First pass: (using example file with your first line)

# Get the first line into a vector to set the colnames for the DF
# during the second pass
ColNames <- unlist(read.table("test.txt", nrow = 1, as.is = TRUE))

> str(ColNames)
 Named chr [1:3] "col_1" "col_2" "col_3"
 - attr(*, "names")= chr [1:3] "V1" "V2" "V3"

Second pass:

# Now read the rest of the file, skipping the first line
DF <- read.delim("test.txt", skip = 1, col.names = ColNames)

I believe that should get you the full data set and set the colnames
based upon the first line. This should pretty much obviate the need for
everything below here.

> My other questions revolve around some failed attempts on my part to
> solve the problem on my own using regular expressions. I thought that
> perhaps I could change the first line to "c("col_1", "col_2", "col_3")
> using gsub. I was having trouble figuring out how R uses the backslash
> character because I know that sometimes the backslash one would use in
> Perl needs to be a double backslash in R.

You would not want to change the first line as you have it above, as it
would not be parsed properly using read.table() family functions.

> Here is a sample of what I tried and what I got:
> 
> a<-"col_1 col_2 col_3"
> 
> > gsub("\\s", " " , a) 
> 
> [1] "col_1 col_2 col_3"
> 
> > gsub("\\s", "\\s" , a) 
> 
> [1] "col_1scol_2scol_3"
> 
> As you can see, it looks like R is taking a regular expression for
> "pattern", but not taking it for "replacement". Why is this?

There are various settings for how regex are interpreted by/within R.
See ?grep and note the various arguments to the functions there and how
they impact R's behavior here.

Also, note that there is a difference (to further complicate your
life...) between the characters that R displays by default using print()
and how they are displayed using cat(). See below.

> a
[1] "col_1 col_2 col_3"

> gsub(" ", ", " , a)
[1] "col_1, col_2, col_3"

or to get you to your vector statement above:

Note the result here:

> paste("c(\"", gsub(" ", "\", \"" , a), "\")", sep = "")
[1] "c(\"col_1\", \"col_2\", \"col_3\")"

Now see how it displays when the escaped double quote chars are
interpreted properly using cat():

> cat(paste("c(\"", gsub(" ", "\", \"" , a), "\")", sep = ""), "\n")
c("col_1", "col_2", "col_3") 

> Assuming that I did want to solve my original problem with gsub and then
> turn the string into an R object, how would I get gsub to return
> "c("col_1", "col_2", "col_3") using my original string?
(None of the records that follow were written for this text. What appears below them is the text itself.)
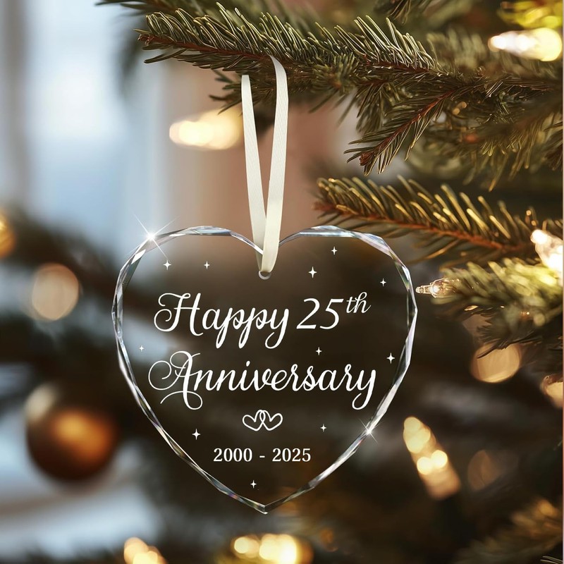 25th Anniversary Crystal Ornament,Wedding Gift for Parents,Couple,Wife or Husband,Christmas Heart Shape Crystal Ornament,Anniversary Wedding Gift,2025 Glass Ornament
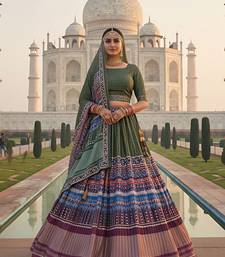 Elegant satin pleated digital print lehenga with blouse & dupatta | premium party wear | with cancan attached
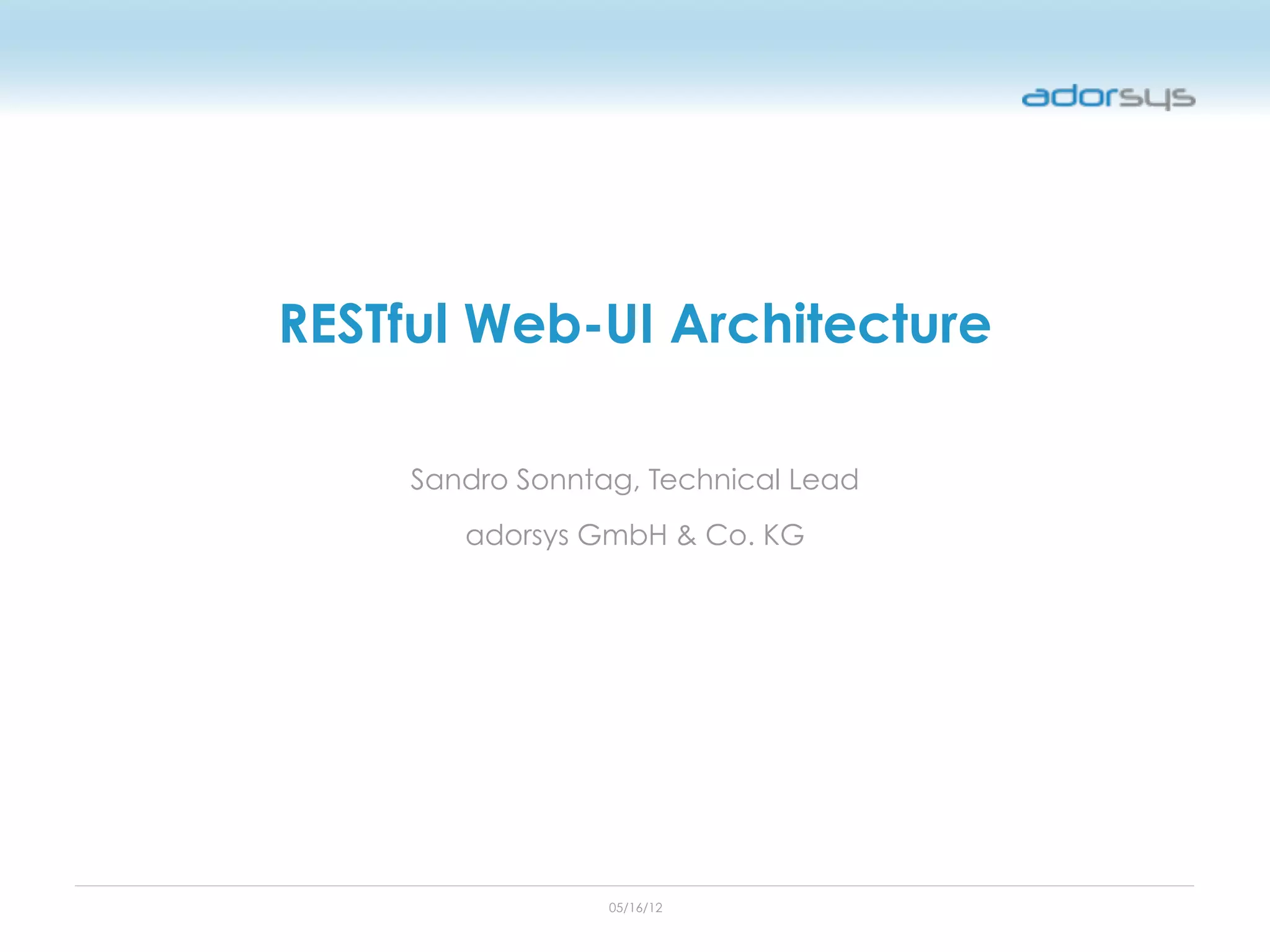 Das Dokument beschreibt die Herausforderungen herkömmlicher Thin-Client-Architekturen und schlägt eine cloud-zentrierte Thin-Server-Architektur vor, die eine bessere Trennung von Präsentations- und Geschäftlogik ermöglicht. Es hebt die Probleme von Komplexität, Latenz und Skalierbarkeit hervor, die durch die Verwendung traditioneller Webanwendungen entstehen, und betont die Notwendigkeit von RESTful Ansätzen für eine verbesserte Benutzererfahrung. Die Implementierung einer komponentisierten Frontend-Architektur wird als Lösung dargestellt, um die Wiederverwendbarkeit von UI-Komponenten und die Interoperabilität zu fördern.
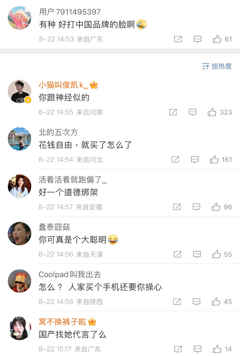 還有覺得打臉中國品牌,但也有網友幫忙回懟👇

Again, note the two pass solution above.  It's easier, unless you would
want to consider using awk/sed from a CLI, which I generally avoid at
all costs...

> Finally, is there a way to declare a string as a regular expression so
> that R sees it the same way other languages, such as Perl do, i.e. make
> the backslash be interpreted the same way? For someone who is just
> learning regular expressions as I am, it is very frustrating to read
> about them in references and then have to translate what I've learned
> into R syntax. I was thinking that instead of enclosing the string in
> "", one could use THIS.IS.A.REGULAR.EXPRESSION(), similar to the way we
> use I() in formulae.

Part of the challenge is noting the different behaviors of regex within
R and how that behavior is affected by the aforementioned arguments.
Also, noting how the output is displayed within R relative to the
interpretation of escaped characters as is seen above.

> These are a bunch of questions, but obviously I have a lot to learn!
> 
> Thanks,
> 
> Mark

HTH,

Marc Schwartz